100%. Basically the more you dry the longer it lasts and the cooler you can dry something the less things will get damaged by heat. It why freeze drying last so long and keeps so much nutrition. Granted it helps a lot to keep it away from oxygen as well so sealed with oxygen absorbers is kinda king. Grainds are generally dry enough that the sealing and removing air is a big deal. You could keep zip locks of oatmeal in storage buckets with oxygen absorbers. If you want to have other dried things with it though its kinda good to keep it all seperate.

[–] AloneDownUnder@quokk.au 2 points 2 days ago (1 children)

With oxygen absorbers, what do you mean exactly? Like desiccants? or that's for moisture, i suppose?

We generally keep things in mason jars until we need it for a hike, then just separate it into smaller, seal-able freezerbags.

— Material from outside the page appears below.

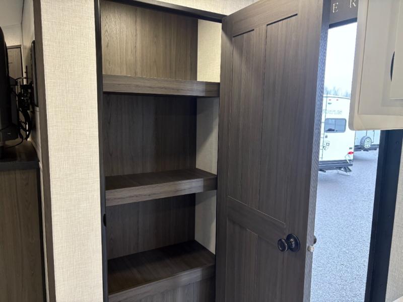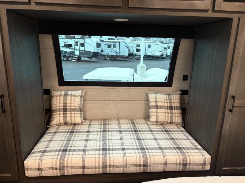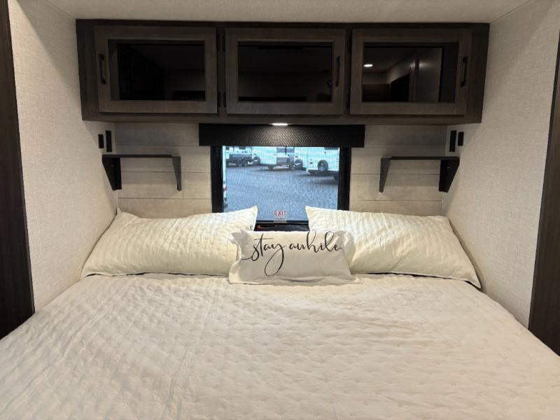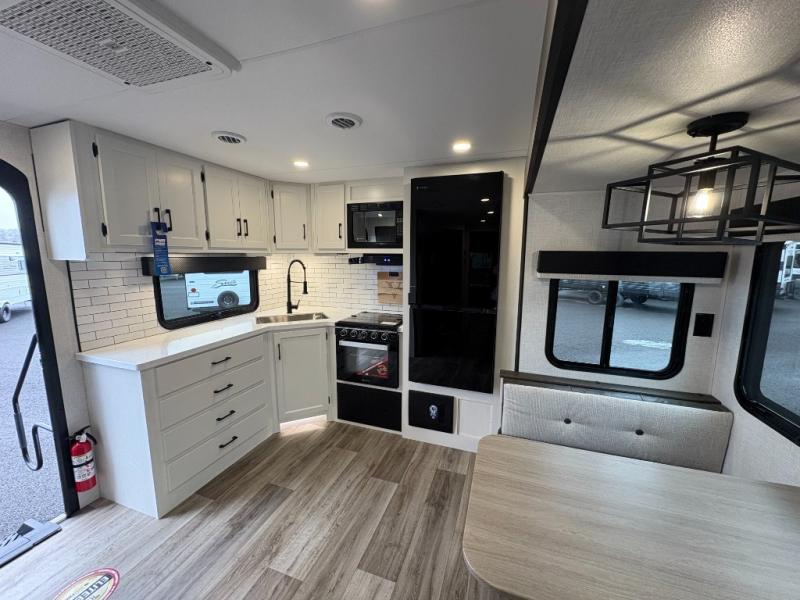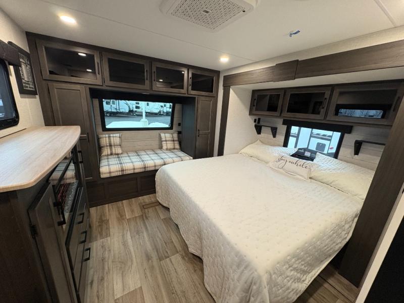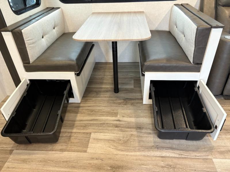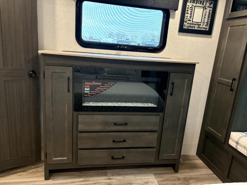 This travel trailer is perfect for two people who want to escape from everyday life! The front private bedroom has a 70" x 80" Sleep Tight king bed slide for more interior space, a dresser with a 30" frameless fireplace and TV, and a window seat to read a book with a view. Freshen up each morning in the full bathroom with the 30" x 36" shower then head to the rear kitchen to fry up some eggs on the three burner cooktop. The Sit N' Slide table offers a comfortable place to enjoy your meals, play card games, and even transform into an extra sleeping space. Grab a snack from the walk-in pantry and relax on the 70" tri-fold sofa across from the entertainment center with a 30" frameless fireplace!

[–] HubertManne@piefed.social 2 points 2 days ago

yeah and that will be fine. oxygen absorbers should come up with that on a we search but yeah its a bit like dessiccants. They are not needed that is just if you want something that is going to last like over a year kind of thing. It depends basically on how dried out you get whatever and then what temp they are kept and and how much oxygen they get exposed to. like the bags and jars will limit the oxygen as it won't be refreshed as much. If you want to get fancy fats basically keep moisture and oxygen at bay which is why pemmican is basically dried foods that are powerdered and mixed with fat. Its also why stuff was just straight up packed with salt or salt solutions. It draws the plain water out and in the case of salt solutions keeps oxygen away especially if it ferments and makes co2.